Give the lines again exactly as they appear below, from the line with "SEM images of" to the line with "Refrigerator Heinner HF-HS94SE++, energy", both included, and only those lines. Leave every picture out.

(Extracted material)

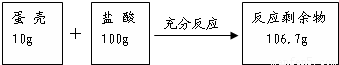 请你根据题中信息计算蛋壳中碳酸钙的质量?
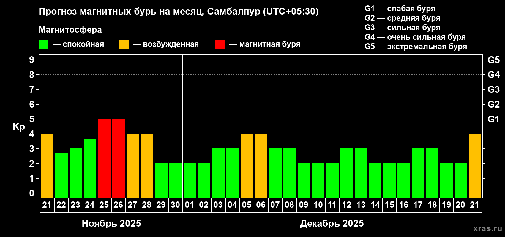 Прогноз магнитных бурь в Самбалпуре — 21 ноября 2025 года
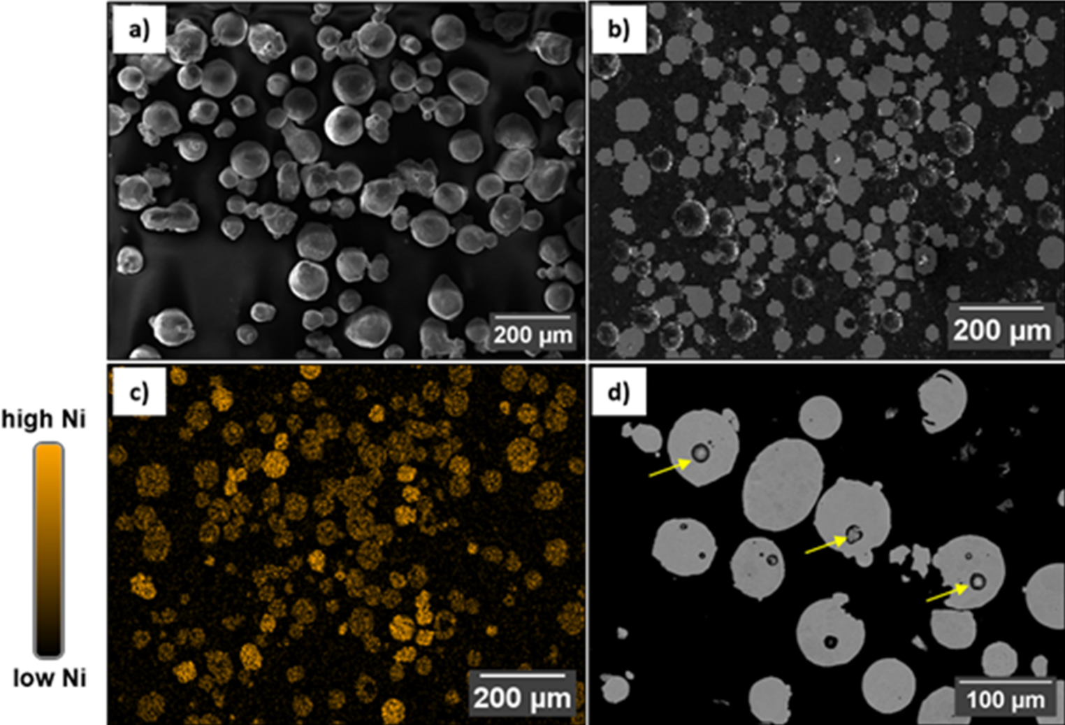 SEM images of the mixed steel powder X2CrMnNi 16–7-4.5 in SE contrast: (a) Morphological structure of the powder particles; (b) Powder particles after metallographic preparation and (c) corresponding EDS elemental mapping for nickel. (d) Metallographic cross section of the powder mixture at higher magnification
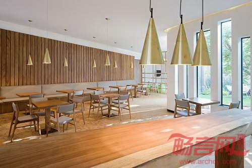 设计师首先开始设计休息室,并重点营造一种宁静、安享的氛围。空间必须是适宜人们滞留并宣泄伤感的场所。同时,空间还应当适合社交聚集,甚至逝者在重要程度方面退居第二位。为了达成这个目标,设计师将社交空间和休息室分隔开,并将花园变成休息室的延伸部分。
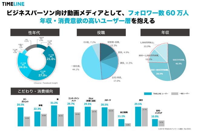 【特徴1. メディア配信による集客支援】 動画メディア運営のノウハウをいかし、商品や企業のストーリーを丁寧に取材し動画を制作。制作した動画は、ビジネスパーソン向け動画メディア『TIMELINE』で配信します。SNSファン数60万人、月間リーチ数1,000万人を超えるメディア力で集客支援が期待できます。
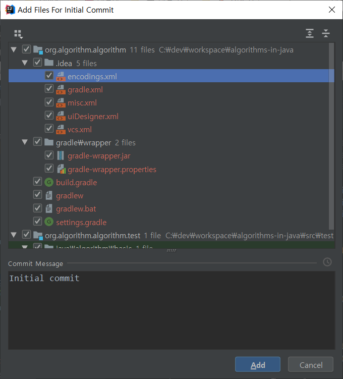 IntelliJ에서 [File] - [New] - [.ignore file] - [.gitignore file (Git)] 클릭한 후 'Gradle'을 검색하여 추가한다.
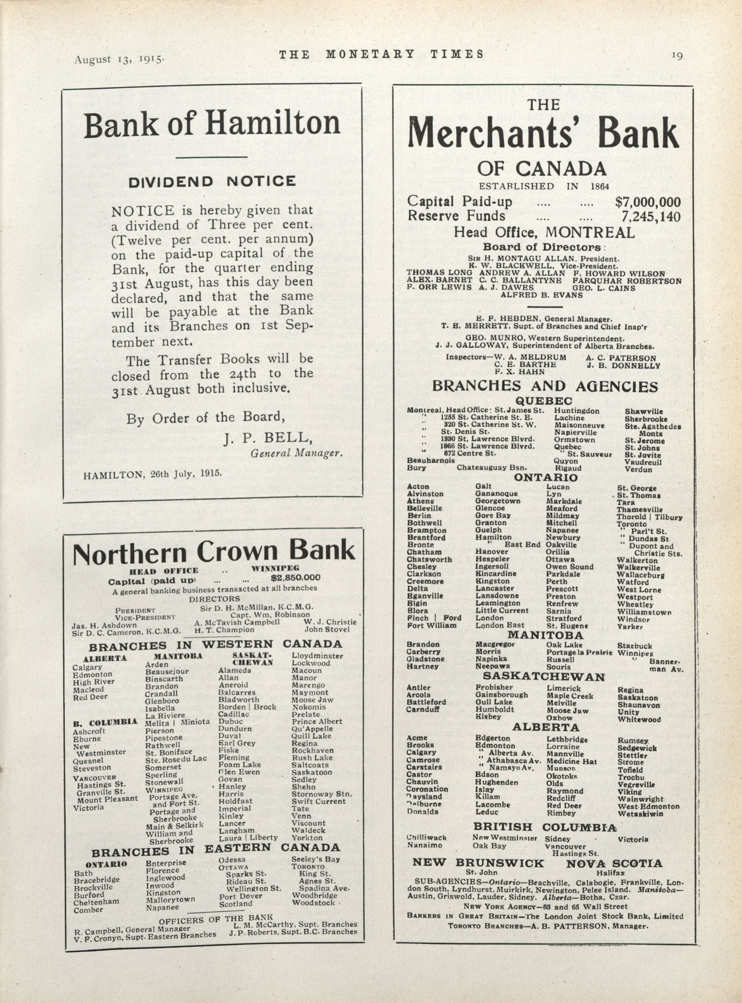 The monetary times, trade review and insurance chronicle : Volume 55 No. 7 (August 13, 1915)
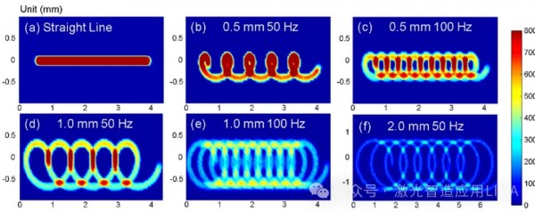 欧陆娱乐能量密度最大出现在轨迹重合处。对比下图图(b、d)和图 (c、e)可知,扫描频率的增加会增大沿扫描路径的轨迹重合面积,使欧陆娱乐能量分布更加均匀。然而,最大能量密度的减小会导致焊缝深度的减小。
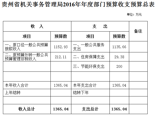 贵州省机关事务管理局2016年部门预算1365.04万元。包括:(1)一般公共预算支出1152.93万元,其中:基本支出342.43万元,占预算资金的25%;项目支出810.5万元,占预算资金的59%;(2)原预算外转一般公共预算管理非税收入安排支出212.11万元,占预算资金的16%。
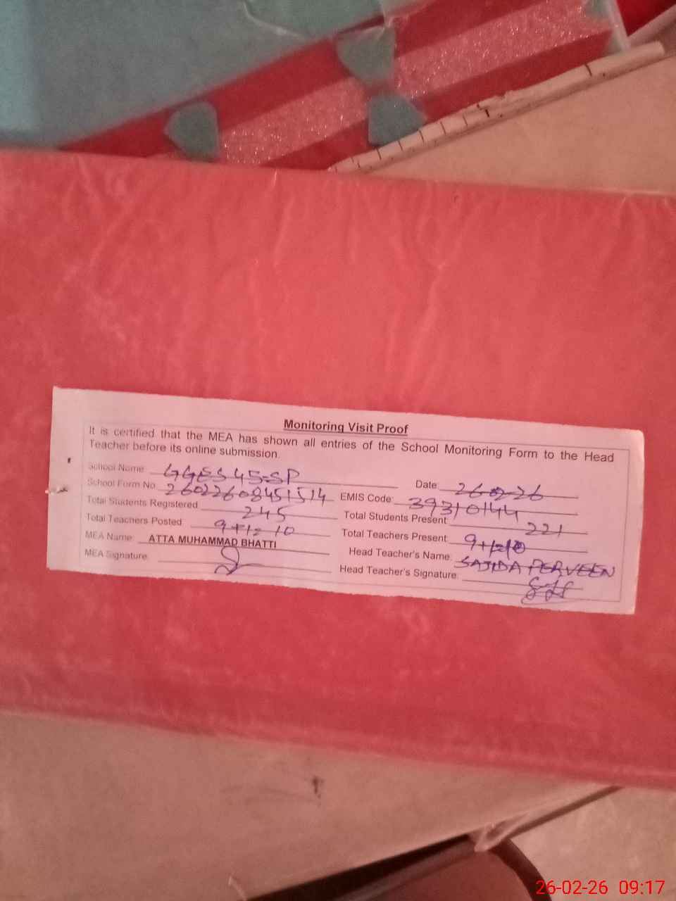 | Certified that this School was Inspected by the Undersigned MEA/DMO Today and the Information Stated Above is as Per Record. | |||||
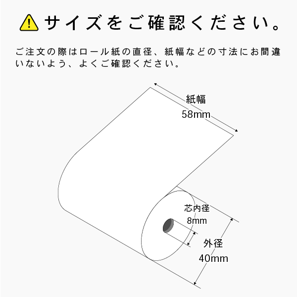 感熱ロール紙 幅58×外径40×芯内径8 [コアレス] ノーマル
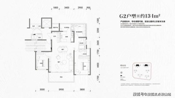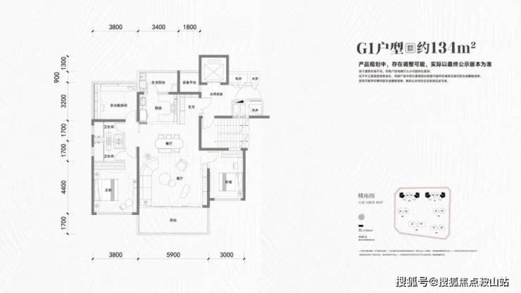 134㎡三房两厅两卫(G1户型,大边户)
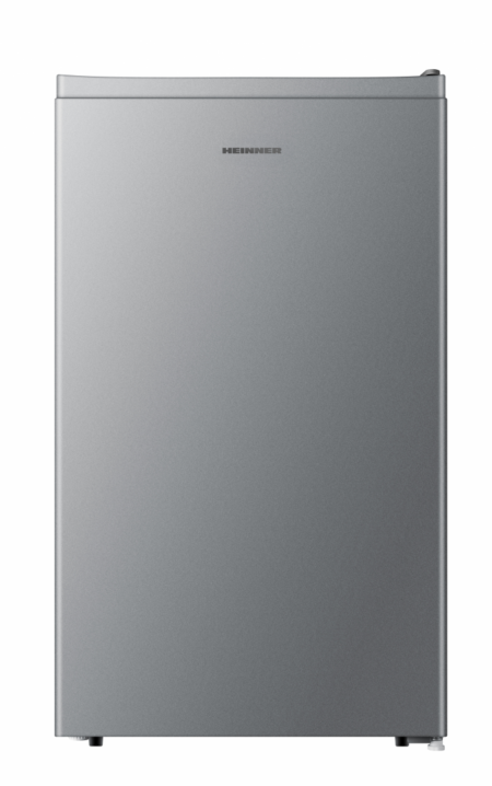 Refrigerator Heinner HF-HS94SE++, energy efficiency class: E, total capacity: 94L, mechanical control with adjustable thermostat, LED light, 1 glass shelf, 1 compartment for fruits and vegetables, reversible door, dimensions (WxDxH): 47.5 x 45 x 84 cm, color: Silver
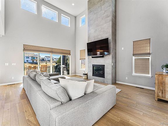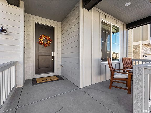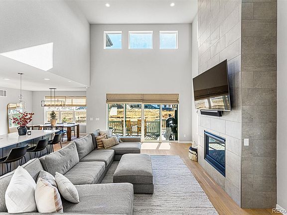 This home was removed from the market to allow the seller's family to be relocated out of state for a new job and not have them disturbed from showings. This home is move in ready as it is only 2 years old and has all the upgrades already completed. All new light fixtures, custom window coverings, quartz in all bathrooms and the kitchen, refrigerator is also included which is not standard with a new construction home. When you walk into the home, you will notice the beautifully upgraded engineered hardwood floors that draw you into the amazing great room with views of the mountains and overlooking the open space. The home site is surrounded with beauty, backing to open space and close to walking trails. The dramatic front-entry offers a two-story foyer. The enormous, gourmet kitchen boasts an incredible back splash, upgraded quartz countertops, KitchenAid appliances, ample cabinet space, and large walk-in pantry. A large center open sliding back door opens from your two-story great room to your covered deck, making it the perfect indoor/outdoor living space. It may sound surprising, but these homes did not come standard with deck stairs giving access to the backyard, and this upgrade has already been completed by the sellers. The home is complete with designer curated finishes, including quartz countertops, wide plank wood flooring, and shaker style cabinets. The basement is unfinished, making this a home you can truly grow in, with the rough-in plumbing which has already been installed for a future finished basement. The community is situated just minutes away from Downtown Castle Rock with shopping, dining, and entertainment. The home is in the Montaine Point community and the nearly completed community center will be a great place to enjoy your summers, work out and hang out with family and friends.
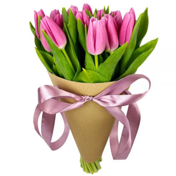 Букет із 11 рожевих тюльпанів у паперовій упаковці.
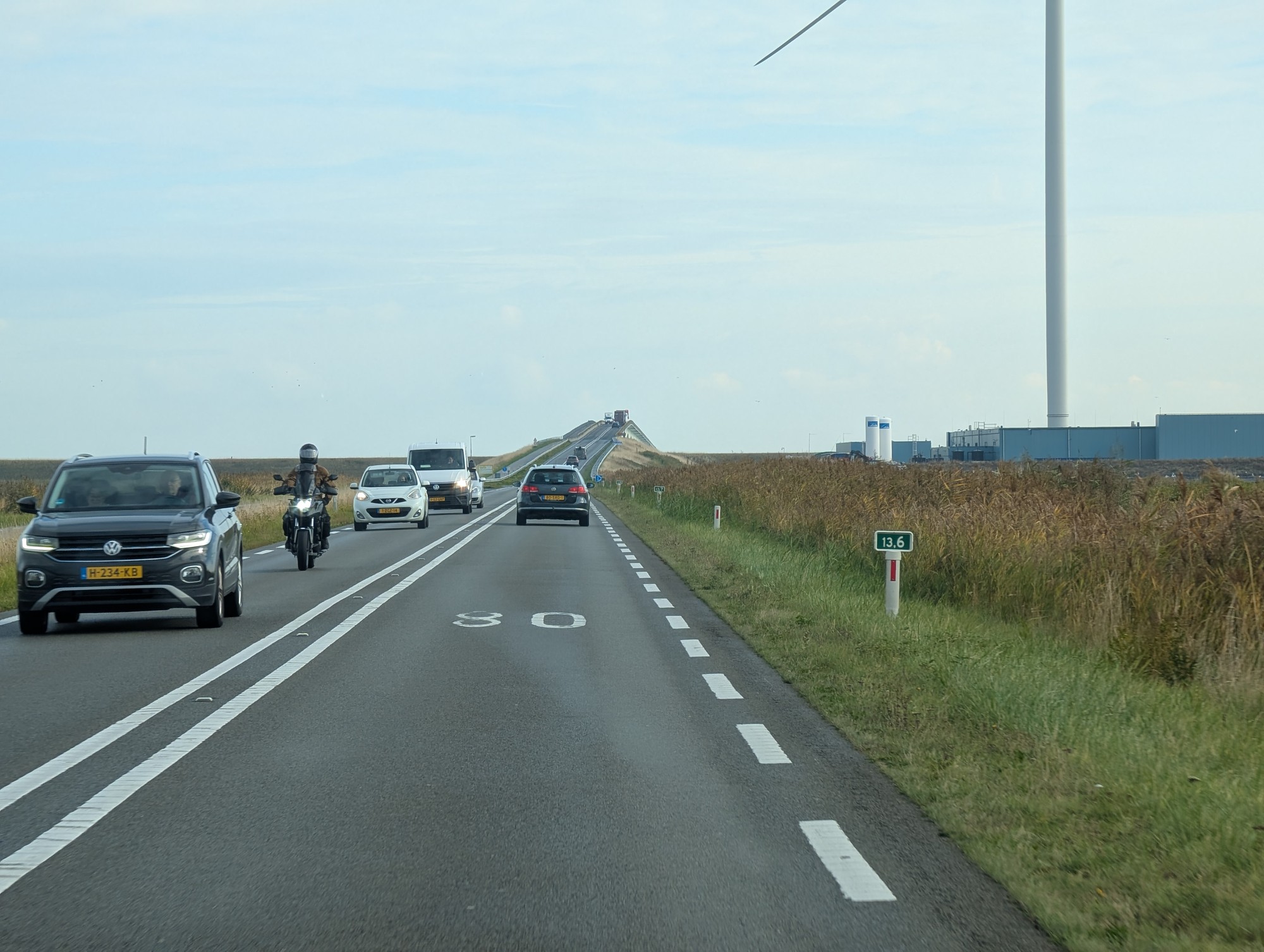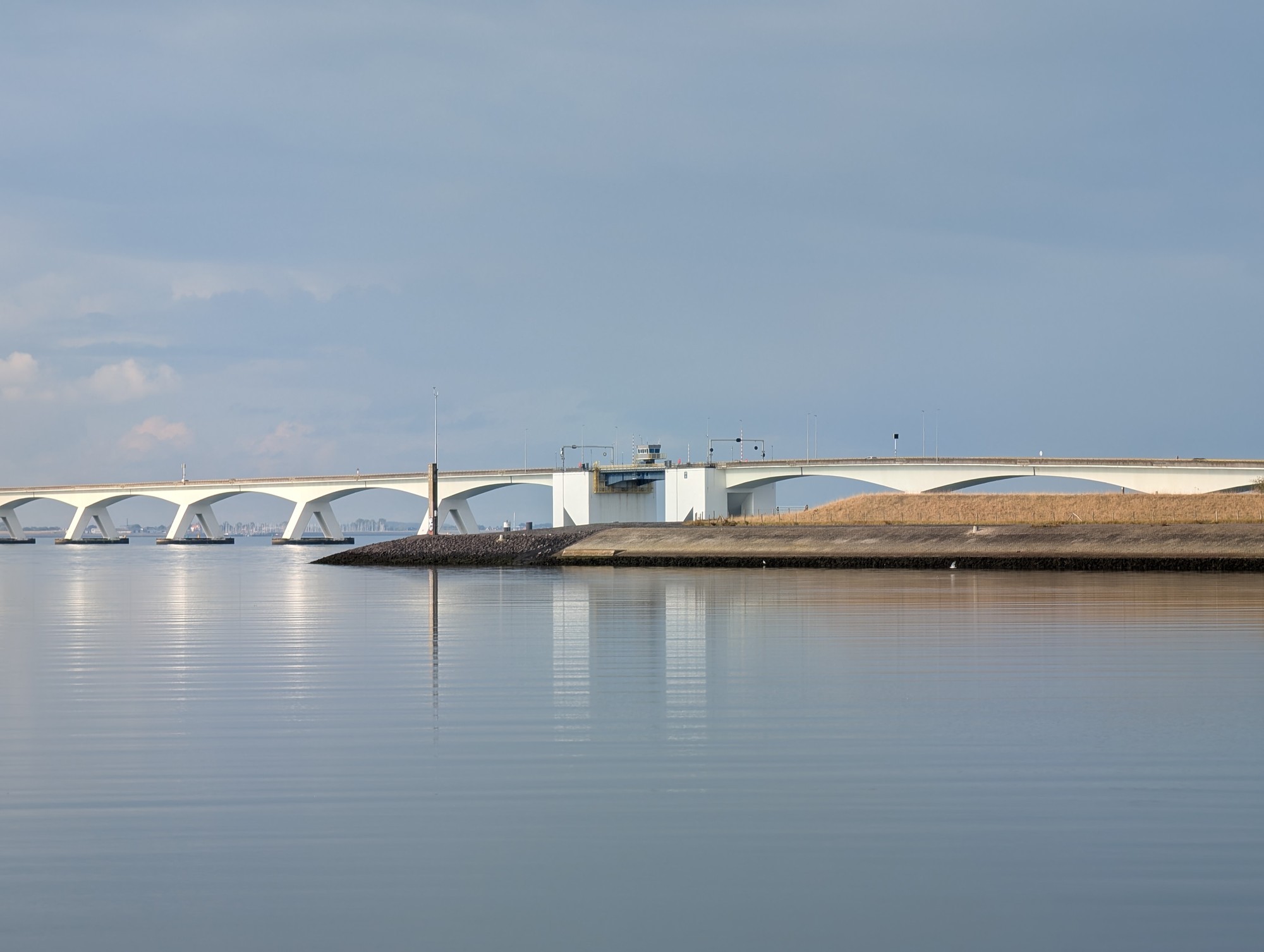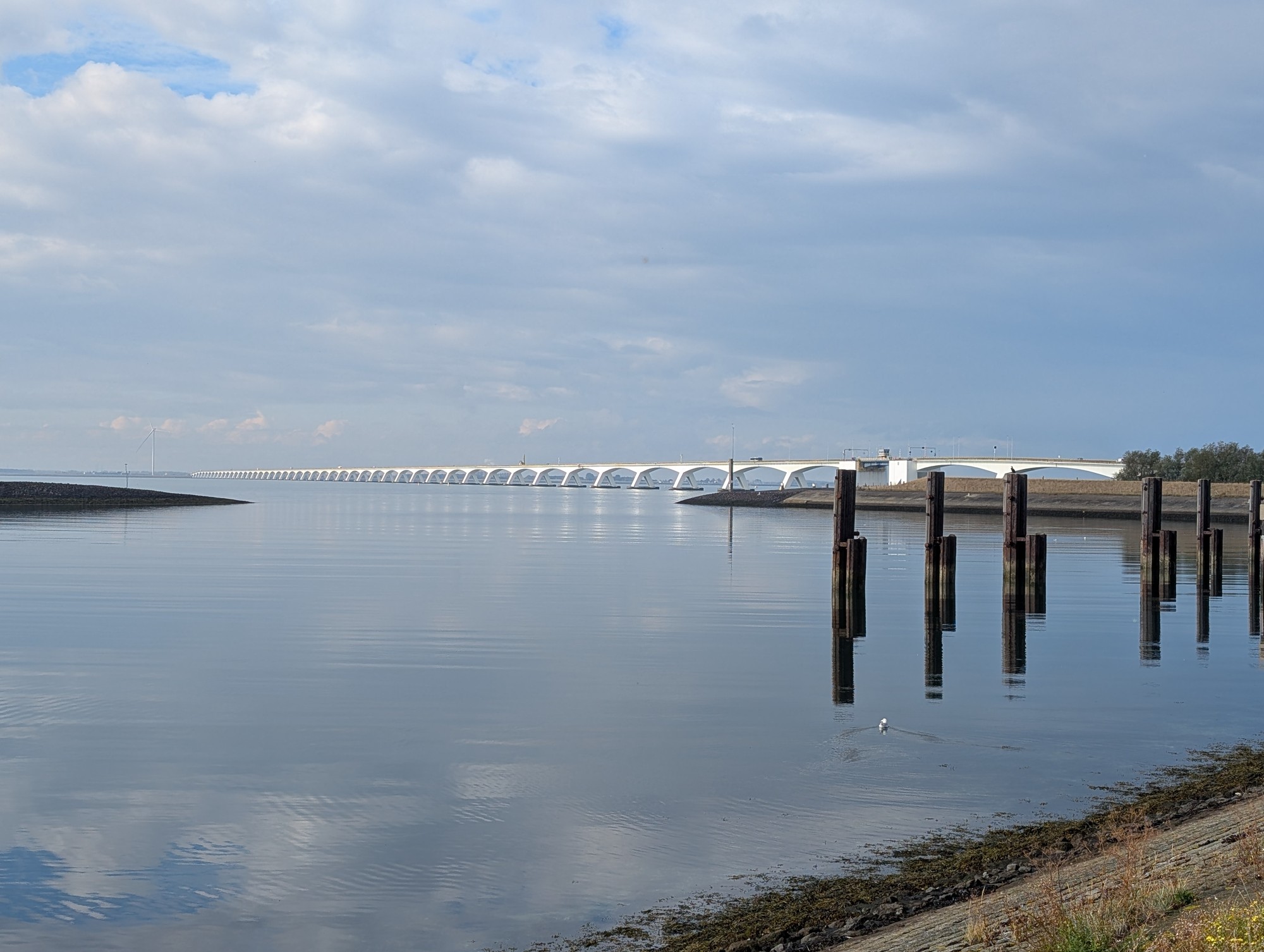 Das nächste Bauwerk ist die Zeelandbrug. Die gehört nicht zu den Deltawerken, sondern ist “nur” eine Brücke über die Oosterschelde. Mit ihren über fünf Kilometern Länge ist sie aber durchaus knipsenswert. Von der Fertigstellung 1965 bis zum Jahr 1972 war sie die längste Brücke Europas.

(End Extracted material)

(Response):
 SEM images of the mixed steel powder X2CrMnNi 16–7-4.5 in SE contrast: (a) Morphological structure of the powder particles; (b) Powder particles after metallographic preparation and (c) corresponding EDS elemental mapping for nickel. (d) Metallographic cross section of the powder mixture at higher magnification
 设计师首先开始设计休息室,并重点营造一种宁静、安享的氛围。空间必须是适宜人们滞留并宣泄伤感的场所。同时,空间还应当适合社交聚集,甚至逝者在重要程度方面退居第二位。为了达成这个目标,设计师将社交空间和休息室分隔开,并将花园变成休息室的延伸部分。
 【特徴1. メディア配信による集客支援】 動画メディア運営のノウハウをいかし、商品や企業のストーリーを丁寧に取材し動画を制作。制作した動画は、ビジネスパーソン向け動画メディア『TIMELINE』で配信します。SNSファン数60万人、月間リーチ数1,000万人を超えるメディア力で集客支援が期待できます。
 IntelliJ에서 [File] - [New] - [.ignore file] - [.gitignore file (Git)] 클릭한 후 'Gradle'을 검색하여 추가한다.
 The monetary times, trade review and insurance chronicle : Volume 55 No. 7 (August 13, 1915)
 欧陆娱乐能量密度最大出现在轨迹重合处。对比下图图(b、d)和图 (c、e)可知,扫描频率的增加会增大沿扫描路径的轨迹重合面积,使欧陆娱乐能量分布更加均匀。然而,最大能量密度的减小会导致焊缝深度的减小。
 贵州省机关事务管理局2016年部门预算1365.04万元。包括:(1)一般公共预算支出1152.93万元,其中:基本支出342.43万元,占预算资金的25%;项目支出810.5万元,占预算资金的59%;(2)原预算外转一般公共预算管理非税收入安排支出212.11万元,占预算资金的16%。
 | Certified that this School was Inspected by the Undersigned MEA/DMO Today and the Information Stated Above is as Per Record. | |||||
 感熱ロール紙 幅58×外径40×芯内径8 [コアレス] ノーマル
 134㎡三房两厅两卫(G1户型,大边户)
 Refrigerator Heinner HF-HS94SE++, energy efficiency class: E, total capacity: 94L, mechanical control with adjustable thermostat, LED light, 1 glass shelf, 1 compartment for fruits and vegetables, reversible door, dimensions (WxDxH): 47.5 x 45 x 84 cm, color: Silver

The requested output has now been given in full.